Challenges for machine learning approaches in criminology

Before going into the details of some of these past and future explorations within the AviaTor project, it helps to first look at the main challenges arising from the scope of the project, and the nature of reports. One of the common challenges for modern Machine Learning approaches is the dependence on large amounts of (labelled) data. Besides that, large models often require special hardware (GPUs) in order to train and run. In the context of AviaTor, the data contains illegal media files. Consequently, one of the requirements of the project is that the data cannot leave the infrastructure of the LEAs. This means that Machine Learning components that are going to be used have to be trained on-premises, and in highly controlled environments.

The resulting models should also be treated with a rigor similar to the data that was used for training. At the same time, the availability of training data is considerably limited. Investigators already struggle with a high workload that involves reviewing highly disturbing material, so any dataset labelling efforts should only happen after careful consideration. If possible, labelling should be based on past cases to reduce additional manual effort as much as possible. Another critical challenge is the need for interpretable and trustworthy approaches. Especially in the context of this project, investigators should be able to understand why a component comes to certain conclusions.

This is not only one of the preconditions for trustworthy AI, but also a necessity for identifying unintended biases and preventing them from arising, for example, from imbalances in the data distribution. Aside from trust requirements, these considerations also make it clear that any Machine Learning component, as well as the resulting overall AviaTor system, should always be understood and designed as a semi-automatic support system with continuous re-evaluation and adaptations of its components. This way, investigators remain in ultimate control of any decision.

In addition to these mostly technical considerations, legal challenges with an impact on data-driven approaches arise while trying to fight CSAM across several jurisdictions. One example of this is the availability of past report data. In some jurisdictions, data needs to be deleted after short timespans, especially if no case was opened. Another issue is that definitions for CSAM often differ between legal frameworks (e.g., age ranges).
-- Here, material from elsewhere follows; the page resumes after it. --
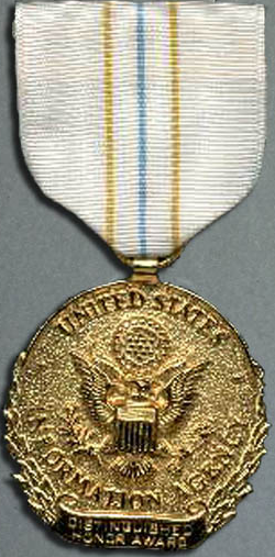 United States Information Agency Distinguished Honor Award. The Distinguished Honor Award is an award of the United States Information Agency, an independent agency charged with public diplomacy which has since been merged into the Department of State. This award has been replaced with the State Department's Distinguished Honor Award. This award was presented to groups or individuals in recognition of exceptionally outstanding service or achievements of marked national or international significance.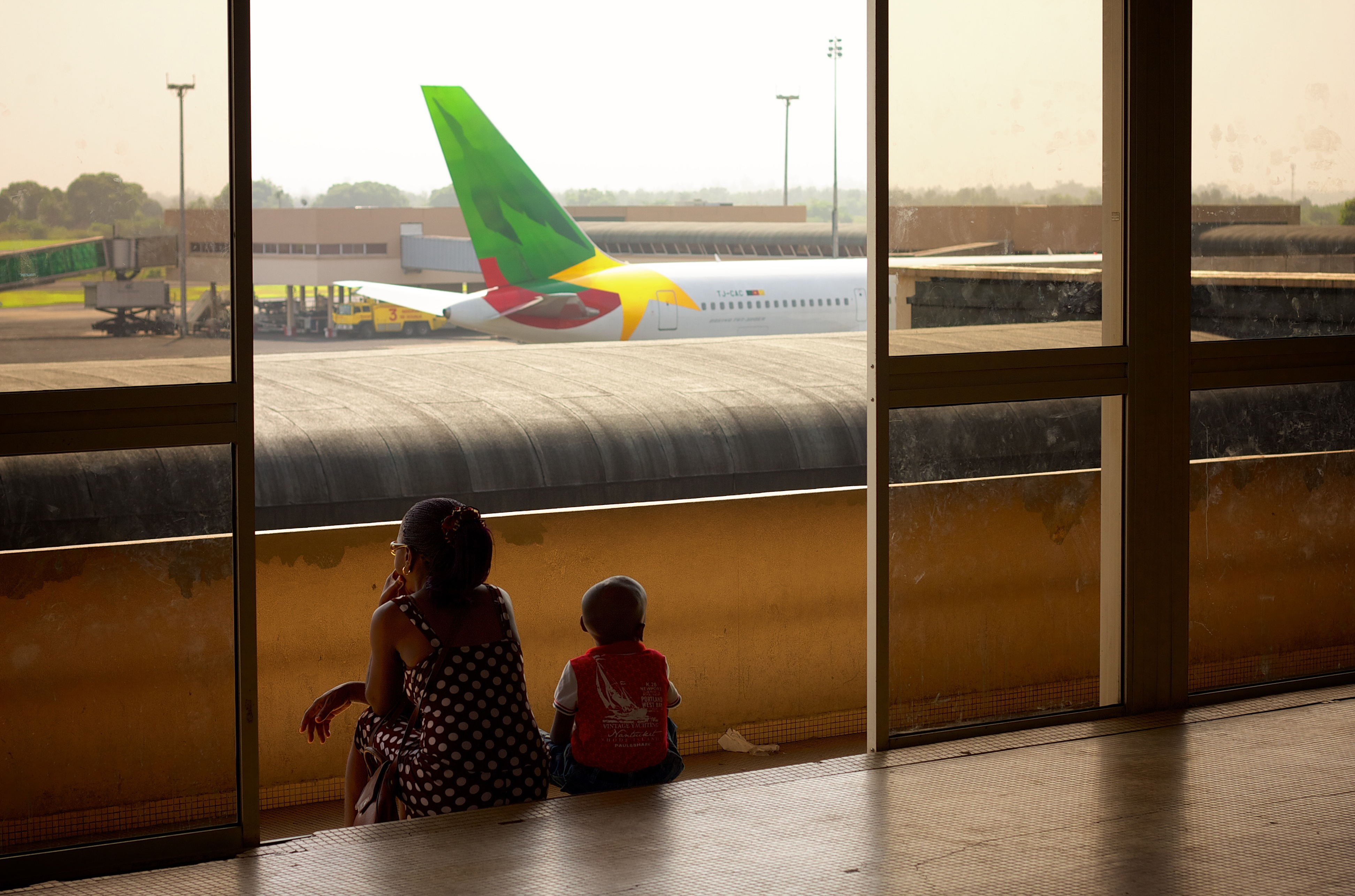 Douala Airport, 2013

The methods developed for AviaTor need to be flexible enough to adapt to such differences.

Past developments in AviaTor 1

In light of these overall considerations, AviaTor phase 1 was the first step in the direction of supporting investigators in their daily work, by creating a report-reviewing interface with various scoring components. During this first project, we conducted a statistical analysis of the data types included in the reports available to the Dutch and Belgian police. As expected during the proposal phase of the project, a large part of the reports include images. This is why concerning supporting classifiers, we focused on state-of-the-art Deep Learning classifiers of the visual domain in this first project. When working with the participating LEAs in order to try and find potentially available labels for the existing image data in past cases, we found that the only readily available labels in the past were whether a reviewed image ended up in an opened legal case or not.
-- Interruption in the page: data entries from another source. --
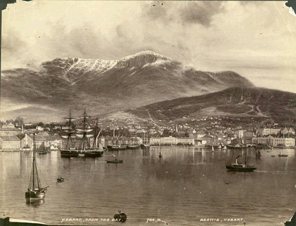 A photograph of Hobart taken by Beattie in 1900.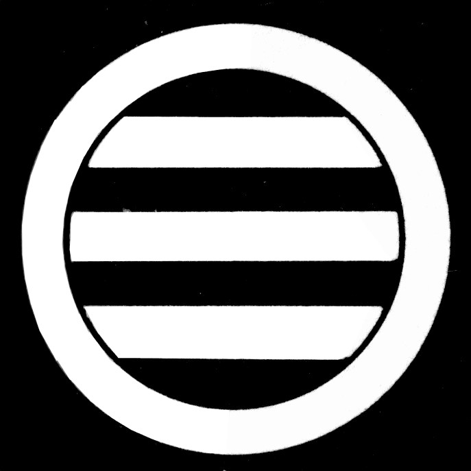 Japanese Crest Three stripes within a ring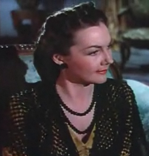 Cropped screenshot of Lynn Bari from the trailer for the film Blood and Sand.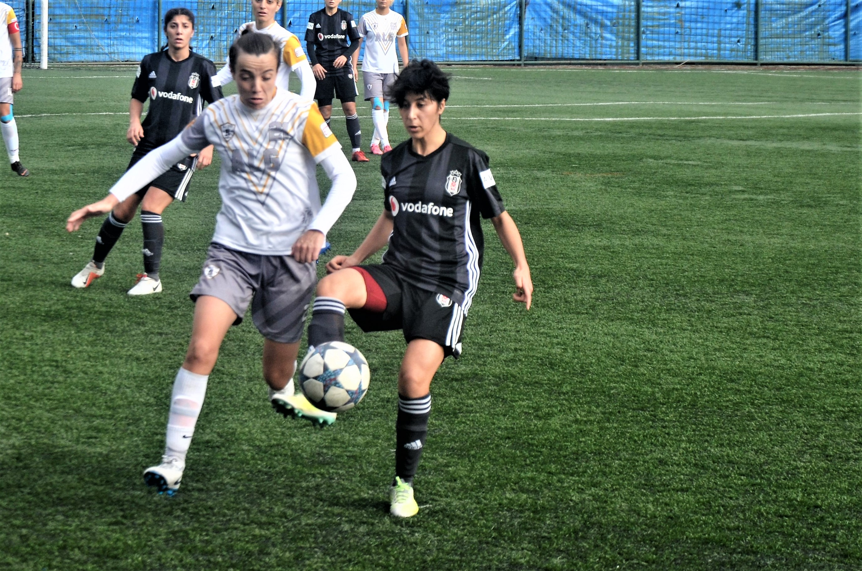 Elif Keskin of Beşiktaş J.K. (women's football)in the 2018-19 Turkish First Football League season's home match against ALG Spor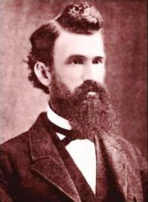 Photograph of Edmund C. Briggs, an leader in the early history of the Latter Day Saint movement.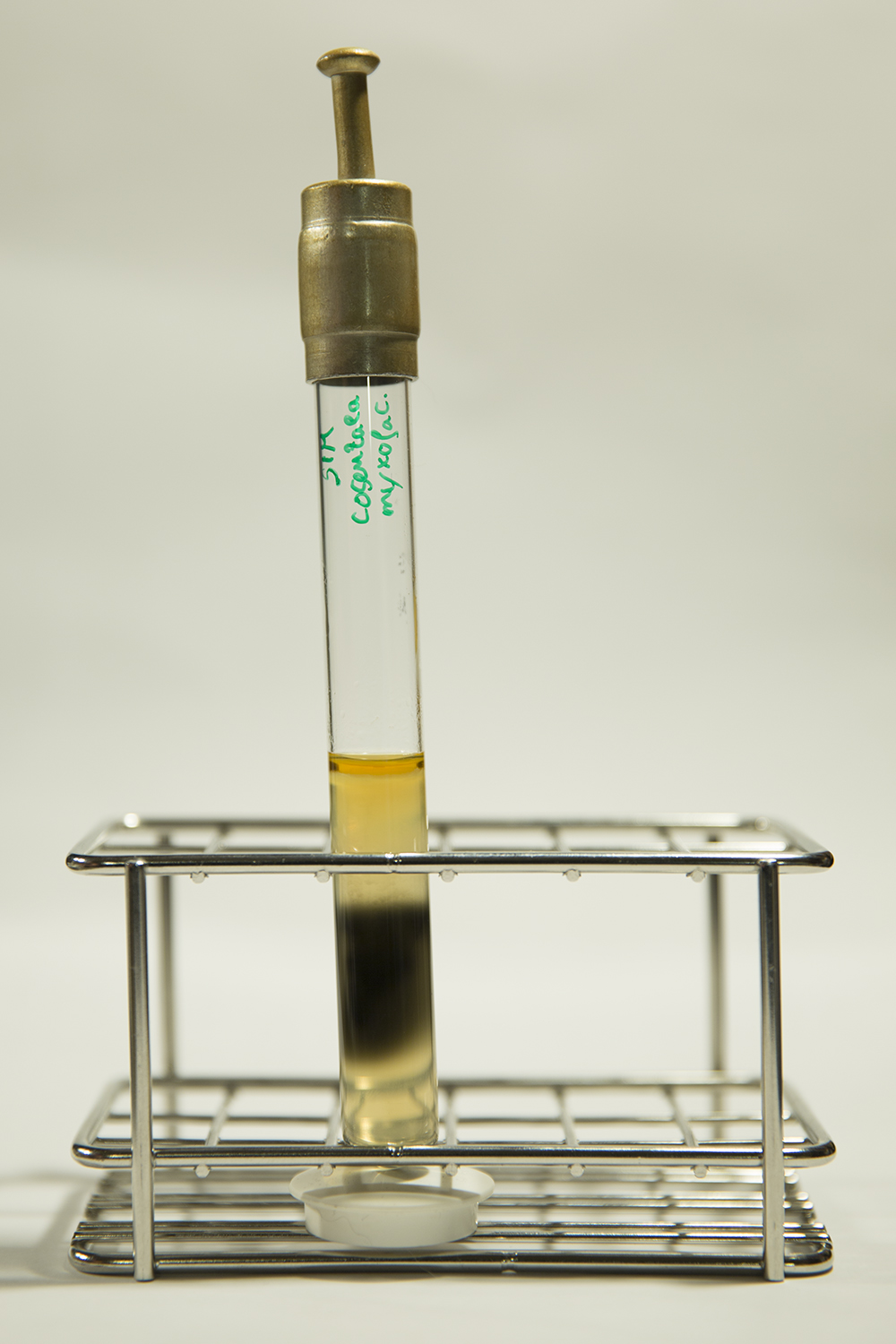 Cosenzaea myxofaciens (formerly classified as Proteus myxofaciens) in SIM agar, showing a positive result for H2S production, a negative result for the indole test (after Kovac's reagent has been added), and a positive result for motility.

As a trade-off between the above-mentioned considerations-the readily available labels and the additional efforts for investigators to create better, more fine-granular labels-we decided to train a binary classifier in the first AviaTor project. For a given image, the goal of this first classifier was to predict whether a similar image in the past would have caused a legal case to be opened or not. The resulting image classification score (i.e., the classification probability of the true class) can then be used as one of many other scores in the resulting system. The positive evaluation results of this first classifier show that it can be a valuable scoring component for investigators. However, due to the lack of fine-granular labels, the transferability and interpretability of the classifier’s score are not a given. The classifier score is currently one of the items that the investigator uses in prioritising a report. The investigator can manually add the importance of this classifier score in the scoring module in AviaTor, ensuring that the classifier score impact is balanced with the other elements in the report to define the right priority. If instead, the classifier was to predict multiple attributes of interest, this could increase trust in the system by being more interpretable since individual attributes could be configured to be weighted differently, based on the evaluation of investigators.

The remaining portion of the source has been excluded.